Thursday, June 18, 2009

The "dodged a bullet" dodge

I have read numerous comments thanking the polity for the November decision in the context of discussing the protests in Iran. A quick recap - Many analysts and observors laud Obama’s hands-off approach to the protestors under the reasonable assumption that giving open support to the protests will enable the ruling elite to marginalize and suppress the protestors. McCain criticized Obama’s muted response, saying that the U.S. should openly support the protestors. Many have pointed out the predictable results of that tack, namely a lot of feel good tough guy posturing here and more blood spilled abroad. Speculate how our government would respond to a protest movement that was singled out and endorsed by Iranian Super-villain Ahmadinejad for an analog. A lot of people are breathing sighs of relief at this, whew, thank goodness Mad dog McCain isn’t in office right now! (Google “Mccain iran dodged bullet” for examples).

The problem is that this is an argument from speculation and hypothetical, something one may consider a liberal specialty. Prior examples include: "Thanks, Ralph." “You really think we’d be in Iraq if Gore had won? Come ON!” Speculate on a past event and argue about the present circumstances on that set of circumstances. If anyone disagrees or calls this a fixed game, get indignant with a come on. A related set of arguments that project into the future are especially frustrating with respect to international politics – “what if we could take such and such an action without incurring a lot of collateral damage? I know it may be impossible, but assuming we could, let’s make an argument for why it would be a noble mission…” Eventually the impossibility is muted and you are left with the noble mission and –stifle your laughter - blundering efforts to do good. I hope you follow me here.

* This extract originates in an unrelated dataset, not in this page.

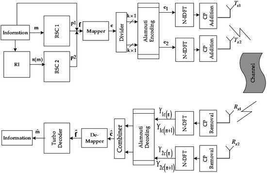 f are mapped into a mapper that generates digitally modulated complex symbols c, i.e., QPSK, 16 QAM etc. Then, Alamouti encoding [

The “thank heavens McCain isn’t president” hypothetical is particularly galling because up until now we have had a president Obama who has largely continued upon and expanded his predecessors much reviled policies with respect to war, surveillance , state secrecy, torture, detention and corporate hand outs. He has walked back or completely spun around on many of the important issues of the most historic presidential campaign in generations, as many predicted. His statements in that reality, the one where he courted a particular electoral sensibility in order to become president, were often at complete odds with his actions in the present reality, where he is president. Why should we assume campaign McCain, or non-president McCain today, would behave exactly as President McCain would? Does it matter? And in the larger scope of things, if McCain would have been different on Iran but largely the same on everything else listed above, is that really a big deal? (I mean, besides to the Iranian protestors). This is such a marginal difference, indulging in that fantasy is a way to prop up the illusion that our system isn’t as closed as it is, that public opinion matters, and so on. It’s bullshit. After all, do we not have a bright shining example right in front of us that demonstrates how little political campaign rhetoric and mannerisms reflect upon actual policies once the candidate is in power? Of course non-President McCain is going to say something to criticize the president’s reaction; it’s the nature of our politics. Don’t take his statements past or present for how he would behave as president, similarly to just about everything Obama has done while in office runs contrary to things he did outside of the white house.

There is something sad about clinging to this scrap of nothing to keep hope alive for the lesser of two evils dynamic in our electoral politics.

2 comments:

Denise said...

I agree, good point but I would have stated it in a much simpler fashion but good job, cheers to you!

Thomas Daulton said...

Long before the election, I predicted that (if a Democrat won) the rank-and-file Democrats would use this sort of dodge, although I mis-predicted the exact phrasing. My prediction was that 2009 Democratic rhetoric about the President would recycle the 2005 Republican rhetoric about the Iraq war:

---2005---
Me: "Iraq is a quagmire we never should have gotten into, it's going to wreck our economy and kill thousands of Americans (and hundreds of thousands of Iraqis) no matter what we do or how it turns out. We could have used other means."
Republican: "Oh, so I take it you're pro-Saddam? You think everything would be peachy if we just put your best pal, your buddy Saddam back in power?"

---2009---
Me: "Obama has broken a lot of campaign promises and I think he's severely mis-handling the financial crisis."
Democrat: "Oh, so I take it you want to put Bush back in office? Just shut up and be glad it's a Democrat."


... so apparently I mis-predicted the phraseology, but I think the tactic was predictable.

Manichean dichotomy. Useful on either side. Ya gotta love it.